The Idiot’s Guide to Writing an Idiot’s Guide
Find a niche subject, one that no one’s written about before.
Get some experience in the field, enough to get your foot in the door.
Condense the main activities of the subject to a one-page list.
Voilà! You have your contents page.
Now write an extensive bibliography
of related titles that you never actually read, except for, well, the titles,
contents, first page, indices, and anything in bold that might have looked vital.
Now that’s the majority of the book written. Well done!
Time to make this sandwich,
with a tedious repetitive writing style that you can fill the book with.
Now this middle section, or the ‘content’, is far less important;
the chances of anyone getting this far are more slender than, well… the content.
So employ your tedious repetitive writing style ad infinitum,
ensuring that you take great care to over-explain every single item,
and ensure you refer back constantly to everything that you’ve already written.
Chances are, if it’s obvious,
that it’ll neatly fit in
with your tedious repetitive writing style
on the subject matter
on which you are claiming some ‘expertise’ with reminders in each chapter
of your experience in the field
which will justify the purchase
to anyone who might have bought it.
To further validate your repeated
I am an expert in this field, honest! chorus,
use a thesaurus…
Look to find a source for greater vocabulary!
Try to extend your lexicon!
Attempt to increase the wordlist that you utilise!

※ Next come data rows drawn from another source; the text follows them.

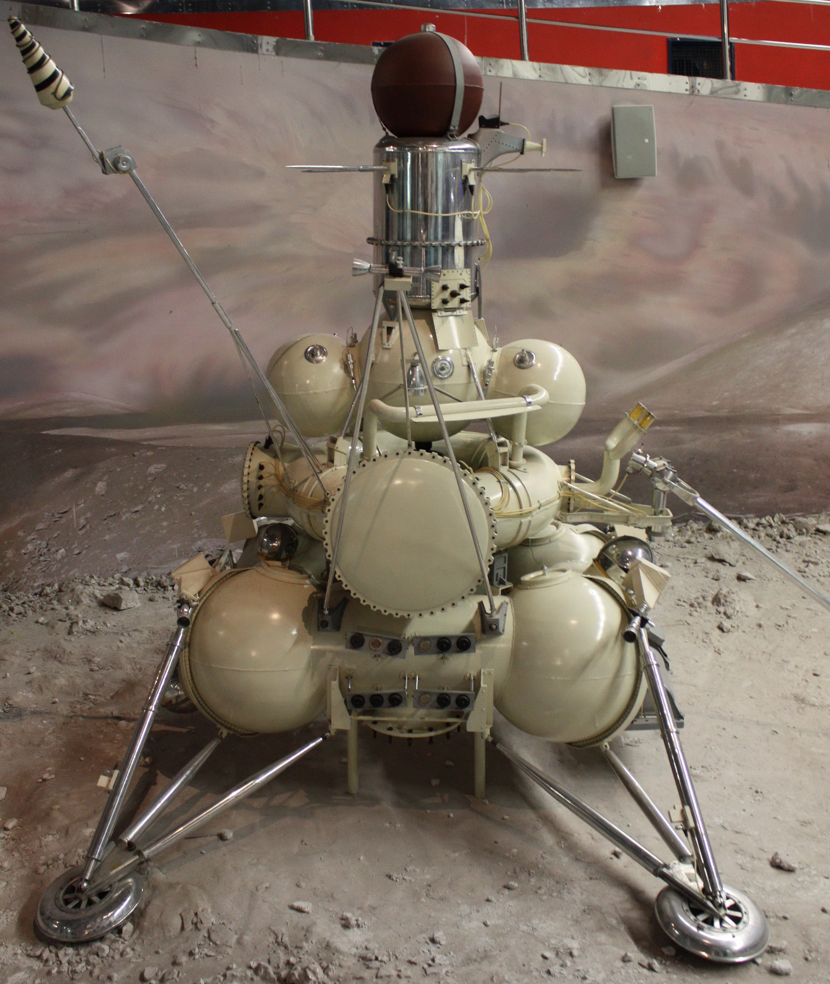 Luna 16 (USSR Luna sample return spacecraft) in the museum space in Moscow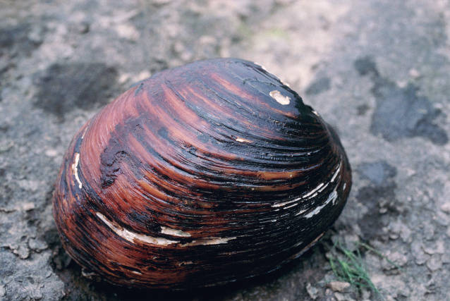 Pink mucket mussel (Lampsilis abrupta), Ohio River Photo by: Craig Stihler/USFWS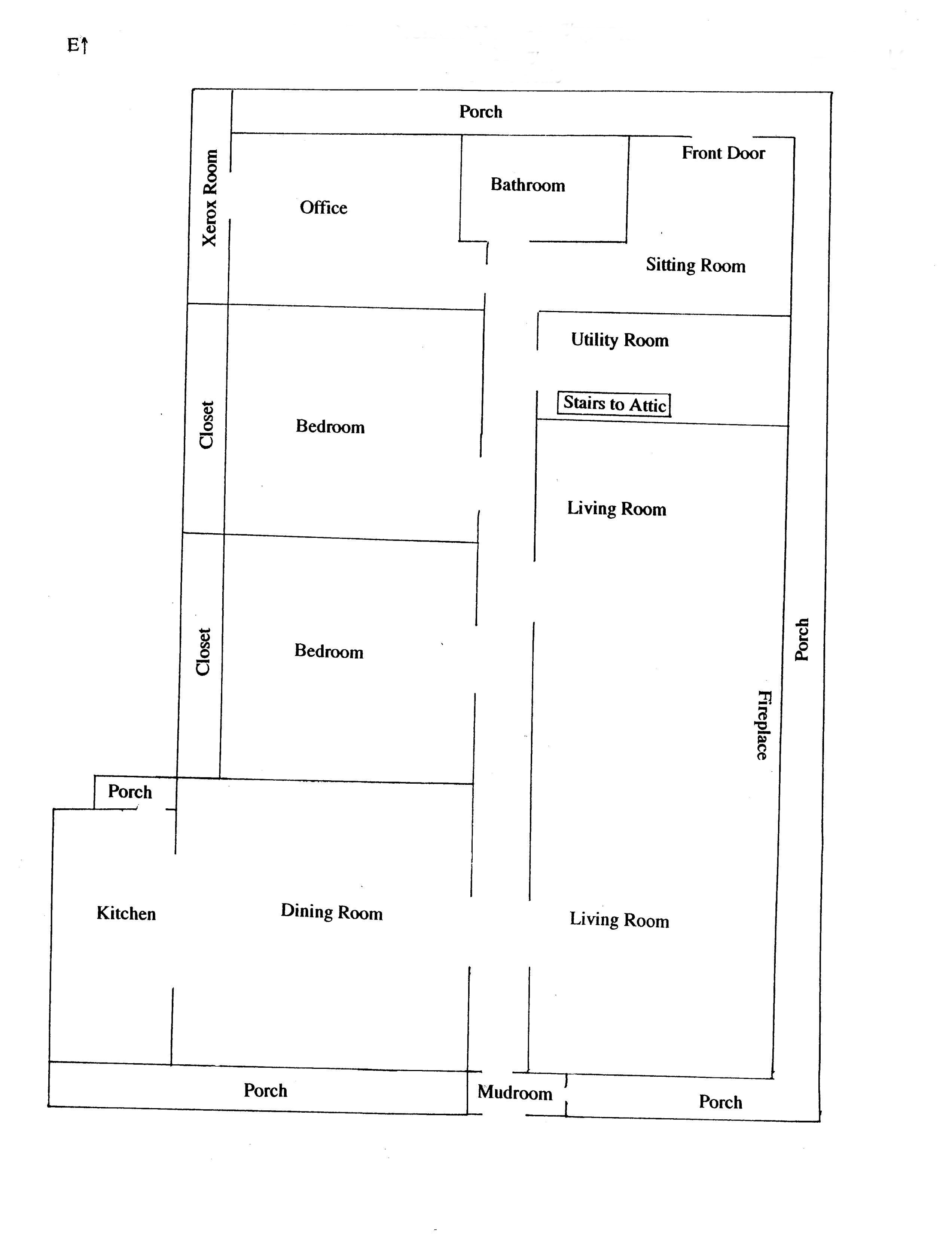 Floor plan of the friary in the Chinle Franciscan Mission Historic District

Remember your idiot reader is the type of person who will let a text wash over them rather than scrutinise or analyse.
Give them something to help visualise.
Drop in an illustrated quote from a famous Greek thinker like Euripides or Aristotle,
one which adds some gravitas to what is essentially inane filler twaddle.
This is an idiot’s guide, so remember to:
repeat,
repeat,
repeat.
The language should be simple.
The sentences short.
And remember this is an idiot’s guide, so:
repeat,
repeat,
repeat.
Do: Include a dos and don’ts list.
Don’t: Have too much narrative text that isn’t separated.
Do: Separate large blocks of text.
Don’t: Not have a dos and don’ts list.
Do: Repeat the dos and don’ts list with a summary.
Don’t: Not repeat the dos and don’ts with a summary.
The dos and don’ts list should then be summarised with a small piece of narrative text.
Once again, the sentences should be short.
The midsection of each chapter should employ language that is full of vacuous diction, words and phrases that can be seen on the page but don’t really register in the brain; sentences that are so long, that have
so many clauses (the majority completely unnecessary) that they fill up the chapters nicely, because, remember, you are writing for idiots with only a passing interest in the subject, so these sentences should only come in the middle of paragraphs, where the reader won’t notice that they are excessively long; this way it’ll appear to the reader that they are being presented with a lot of information, getting value for money, and reading a text that has had a lot of effort put into making it comprehensive.
Final sentences can be short.
•Split up the text with bullet points
•Take up a lot of space on the page with bullet points
•Fill up the book with bullet points
At the end of every chapter say exactly the same thing in a summary section, in a different font, so that the reader knows at a glance that a summary is happening.
Include a dos and don’ts summary using bullet points.
Remember this is an idiot’s guide, so repeat, repeat, repeat,
repeat, repeat, repeat,
repeat, repeat, repeat,
repeat, repeat, repeat,
repeat, repeat, repeat,
repeat, repeat, repeat,
repeat, repeat, repeat.
In conclusion, if you have little or no imagination, have barely a trace of integrity, care not for artistry, are motivated solely by the making of money, then why not waste your life, the small amount of writing skill that you possess, the world’s natural resources, and your gullible readers’ time by penning the perfect idiot’s guide?